SELECT count(*) FROM cdr_af_20170226 
WHERE CALLED_NUMBER LIKE '%08001%' AND 
ENV='prod' AND PRT_DATE BETWEEN '2017-02-28 00:00:00.000' AND '2017-02-28 23:59:59.999'

Result:
6538 records found,
Query executed in 2640.024 sec

So not good.

@rdelangh
Copy link
Author

rdelangh commented Mar 8, 2017

How about parallellism ? I noticed that this is by default automatic, but

  1. how can I find out whether anything was executed in parallel ?
  2. in which conditions/use cases would parallellism speed up my above query ?
    For example, would it make sense to split up the selection in multiple parts, each for e.g. 5 mins range of PRT_DATE ?

@robfrank
Copy link
Contributor

robfrank commented Mar 8, 2017

On the lucene side, can you avoid the leading wildcard? It is really the wrong way to use an inverted index such as lucene. Maybe writing a more expressive lucene query.

@rdelangh
Copy link
Author

rdelangh commented Mar 8, 2017

hi @robfrank
No sorry, the leading wildcard feature is absolutely necessary. Even without the leading wildcard, the selection from the Lucene index is ready after 9 secs, which is ok, and returns some 20K RIDs. But then the "expand", which is necessary to apply a further filtering on eg PRT_DATE, makes the whole query last for 6 minutes.

@rdelangh
Copy link
Author

rdelangh commented Mar 8, 2017

And can you please explain what you mean with "writing a more expressive lucene query" ?

@rdelangh
Copy link
Author

rdelangh commented Mar 8, 2017

Maybe another strategy then: can we configure how the Lucene indexes are built?
For example:

  • we only need to search on substrings of the entire original STRING property value. We do not need Lucene to decompose strings into 'words' according to some delimiter characters (such as "." or ",").
  • We can also require that these substrings on which we want to search, have a minimum length of 4 characters.

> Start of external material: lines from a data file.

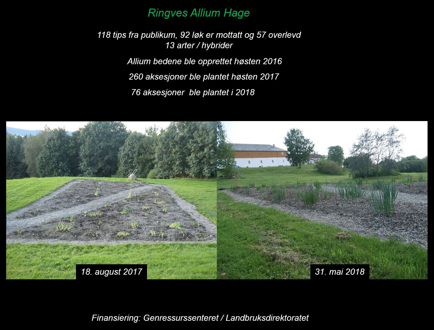 Concerning the Norwegian onions, we received 118 tips from the public, 92 were received and 57 of these have been planted (13 species and hybrids). About 90-100 species can be seen here. The garden was cultivated during Autumn 2016, 260 accessions were planted in 2017 and a further 76 in 2018!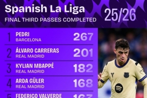 全文摘要:Squawka统计了西甲本赛季进攻三区传球榜。巴萨球员佩德里以267次传球高居榜首。皇马有5名球员跻身前十,卡雷拉斯、姆巴佩等位列其中。巴萨的埃里克-加西亚和德容也进入榜单。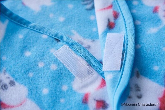 フリーススリーパーの前面には、普通の面ファスナーよりも柔らかいベビー用の面ファスナーを使用。おむつ替えやお着替えのときにはパッと脱がすことができるので、寒くなって重ね着をするようになっても、これならラクチンです。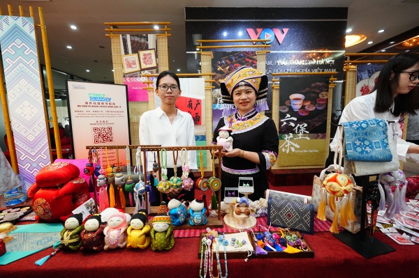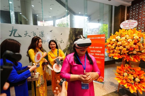 主办方在越南河内主会场精心设置了文化互动体验区,让现场嘉宾沉浸式体验两国丰富多彩的非遗文化和AI技术的应用成果。

How can we do that? Can you please share any examples of how the CREATE INDEX command would need to be adapted to do such Lucene optimisation?

@robfrank
Copy link
Contributor

robfrank commented Mar 8, 2017

If you can recap to me with some samples of data and what kind of queries / results you need, I can try to help

@rdelangh
Copy link
Author

rdelangh commented Mar 9, 2017

@robfrank

  • we have classes where data (telecoms call records) of one week is stored in a single class ; we have tought about storing data in a single class per day, but with the number of different kind of data (hence different classes, 365 classes per year) that would mean that we exceed the max number of clusters that OrientDB can support

  • each such class contains approx 120M documents ('records')

  • to quickly find records for a certain CALLED-number (for example), we need to be able to search all called-nrs for a given substring (hence we need the leading and trailing wildcards)

  • we need to be able to identify and/or just count such records for several consecutive days (possibly spanning multiple weekly classes) or even for a few months (several weeks, hence classes)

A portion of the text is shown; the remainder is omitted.